Since then, the “nets and eyes” that connect and observe Earth from space and from the planet’s surface have only continued to multiply. The internet is now a network of information networks that transmits vast amounts of data, including data from the 2,787 active satellites currently orbiting the planet.4 Forecasts suggest that by 2025 there will be more than 75 billion devices (antennas, cameras, cards, meters, sensors, etc.) connected to the Internet, all of which keep getting smaller, cheaper, and increasingly ubiquitous.5 53.6% of the world’s population has access to the internet, a number that is very similar to the 55% of humans who live in cities. We don’t question the fact that our cities need these “nets and eyes” for their survival, to capture data and transport vital information; we take it for granted, although it has all taken place in just the last fifty years or so. “Visionary evidence” from Calvino, no doubt about it.

Cities and data

Due to this subtle condition described by Calvino as “nets and eyes,” cities are major generators of data—data that provides information about material aspects and also about what is most immaterial. Some of that data is publicly owned. A lot of that data is privately owned. Data becomes information, and information is power—power that companies wield in the cities where they operate. That power has already been denounced by thinkers such as Nick Srnicek in his essay “Platform Capitalism,” Shoshana Zuboff in The Age of Surveillance Capitalism, and Eric Sadin in World Siliconization. It is a power that administrations need to renegotiate with the companies that operate in cities in order to reappropriate that data for the common good.

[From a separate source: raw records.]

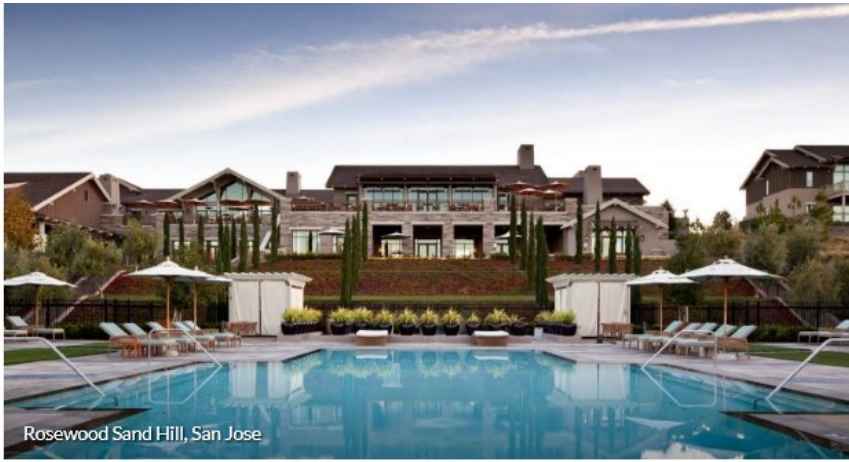
Rosewood Sand Hill, San Jose

Inspectors stay a minimum of two nights, but sometimes much longer and do everything themselves, like make their own reservation and beyond. After extensively evaluating the property, the inspector then submits their report to headquarters where a company algorithm works its magic to reveal the final rating. That's right, inspectors don't even learn what the rating is until you do when the yearly list is revealed to the public.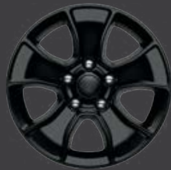
17-INCH BLACK OFF-ROAD WHEEL (9) [ 77073002AA ]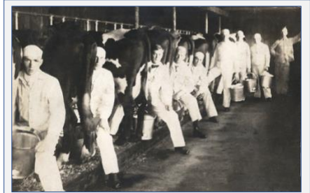
SDSD pupils posed with dairy cows during milking, reflecting hands-on agricultural training.

At the time, agricultural labor was considered an important component of practical education and character development.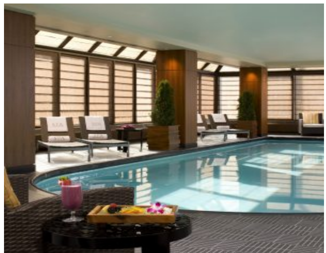
The Peninsula Spa - Swimming Pool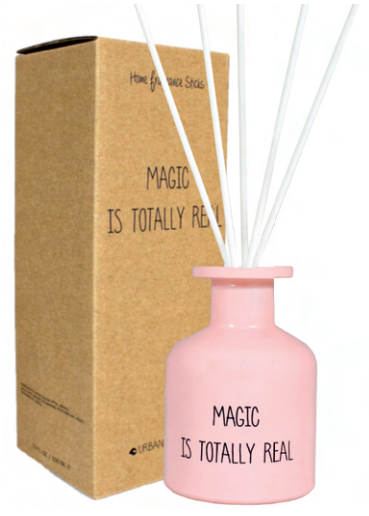
SKU: RD.PI.US.MAGIC Scent: Urban Suede Content: 100 ml Quantity: 4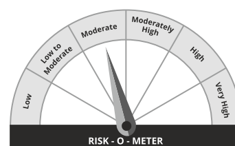
Benchmark Risk O Meter

(It may be noted that risk-o-meter specified above is based on the scheme characteristics. The same shall be updated in accordance with provisions of SEBI circular dated October 5, 2020 on Product labelling in mutual fund schemes on ongoing basis.)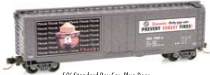
50' Standard Box Car, Plug Door Smokey Fire Prevention #6 • Rd# 1982A Item #032 00 406...$18.35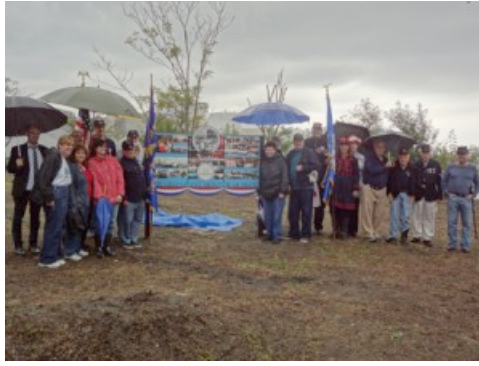
In October, the Greenpoint Monitor Museum unveiled a sign on a plot of waterfront its directors vow not to sell.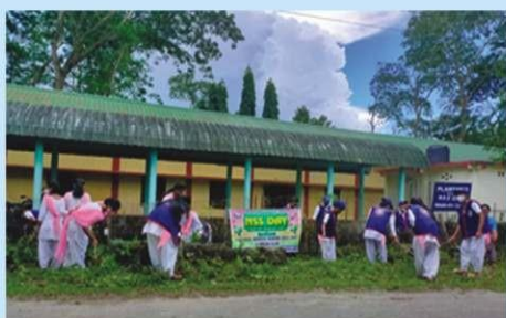
Observed NSS Day, Plantation Programme on 24th Sept'2021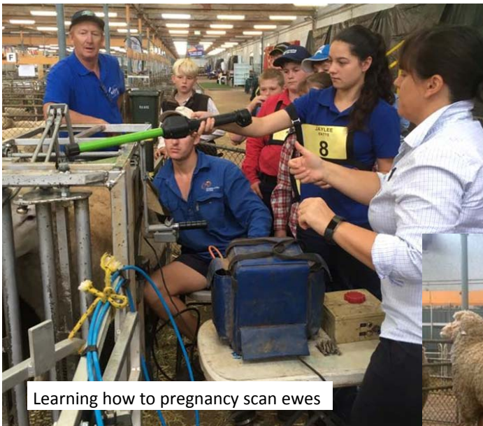
Learning how to pregnancy scan ewes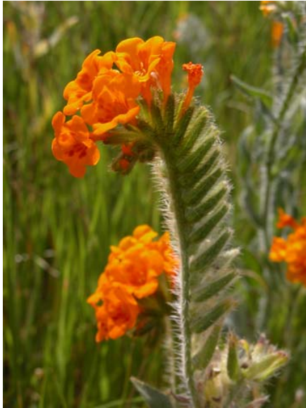
Largeflower Fiddleneck Amsinckia grandiflora Native Annual Borage Family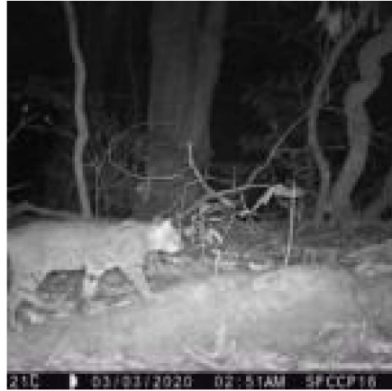
A CAMERA-TRAPPED PHOTO OF A RUSTY-SPOTTED CAT IN DUNUMADALAWA FOREST RESERVE IN CENTRAL SRI LANKA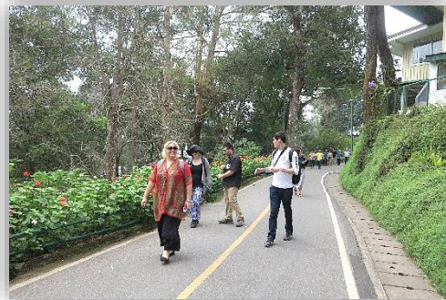
Photo Caption: Bhubing Palace is the royal winter residence in Chiang Mai where the royal family stays during seasonal visits to the people in the northern part of Thailand. It's also the royal guesthouse for prominent state visitors from abroad. During the visit, students enjoyed a wide variety of flowers—not only the famous Thai orchids, but also roses grown here that are not commonly found in Thailand.

Access to all this data is complicated. The private data is most often owned by large corporations, and the public data is not always accessible or in a format that can be worked with. We need to renegotiate with the companies that operate in cities in order to gain access to this data. There is data sovereignty, which we must demand from the public sphere, and also the data we can produce from active citizenship. The aim is to redraw the city by creating new cartographies to support the best analysis and diagnosis to resolve our coexistence and guarantee the right to a just city.

Mapping

We associate cartography with the production of maps that represent the visible world in a synthesized way. These maps have helped those in power control territory for hundreds of years, and more intensely since the colonial periods and the birth of statistics. Mapping in the twenty-first century takes on a whole new dimension. The vast amounts of data that are being captured are mostly invisible to the human eye. The machines that capture, store, and process that data don’t need to see it, but humans do. The data can be presented as statistics and visualized using attractive graphic representations, but in order to study the city we need maps that situate the data in a territory—not only to see the data located at specific coordinates, but to reveal something new that would be impossible otherwise.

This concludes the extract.